# How to complete this task
Below, some lines carry pictures; leave those pictures out and retype exactly the lines from the one with "Figura 2 - Concelhos da Ilha da Madeira" through the one with "selbst gemachte Leckereien zur Stärkung".

# Records to process
● ● ● ●

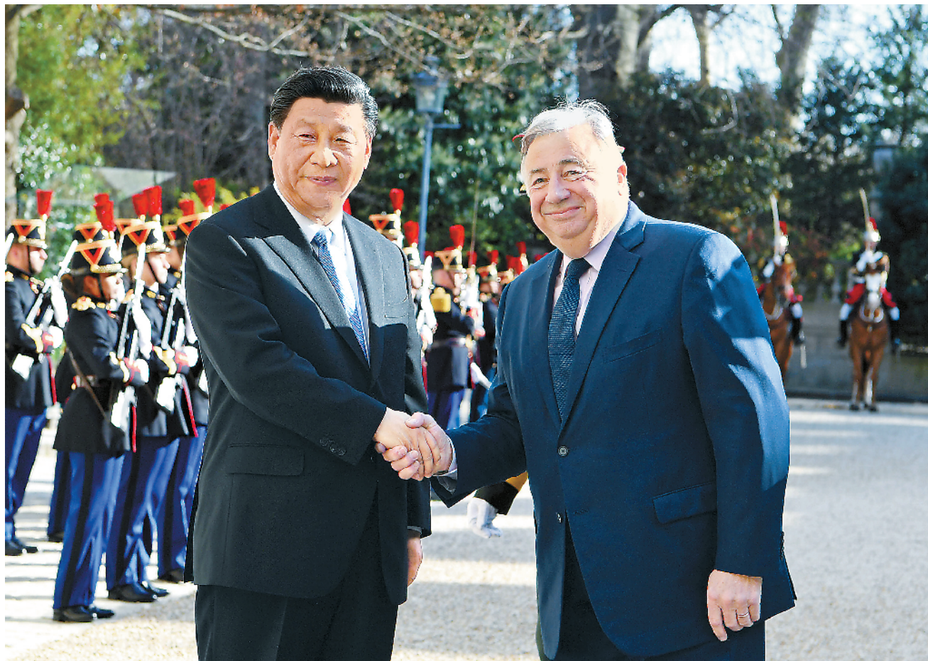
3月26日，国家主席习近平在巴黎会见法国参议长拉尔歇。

● ● ● ●

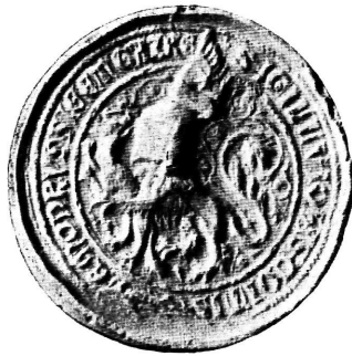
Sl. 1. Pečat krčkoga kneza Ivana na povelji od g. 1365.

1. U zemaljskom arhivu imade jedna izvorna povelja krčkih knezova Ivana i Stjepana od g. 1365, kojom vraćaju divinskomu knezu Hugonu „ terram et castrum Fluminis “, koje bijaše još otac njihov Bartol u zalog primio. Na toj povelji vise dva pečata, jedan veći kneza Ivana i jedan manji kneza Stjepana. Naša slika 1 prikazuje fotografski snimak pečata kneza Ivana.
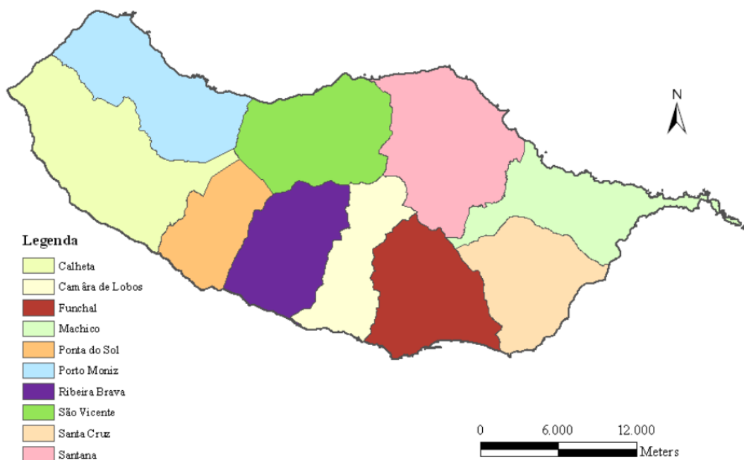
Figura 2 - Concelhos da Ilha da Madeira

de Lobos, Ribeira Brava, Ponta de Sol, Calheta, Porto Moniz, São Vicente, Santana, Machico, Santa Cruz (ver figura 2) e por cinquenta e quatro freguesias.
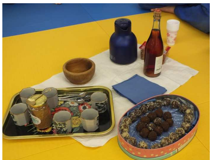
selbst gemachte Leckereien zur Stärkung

● ● ● ●

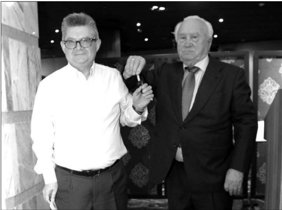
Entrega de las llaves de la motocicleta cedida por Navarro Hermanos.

● ● ● ●

# Finished task
Figura 2 - Concelhos da Ilha da Madeira

de Lobos, Ribeira Brava, Ponta de Sol, Calheta, Porto Moniz, São Vicente, Santana, Machico, Santa Cruz (ver figura 2) e por cinquenta e quatro freguesias.
selbst gemachte Leckereien zur Stärkung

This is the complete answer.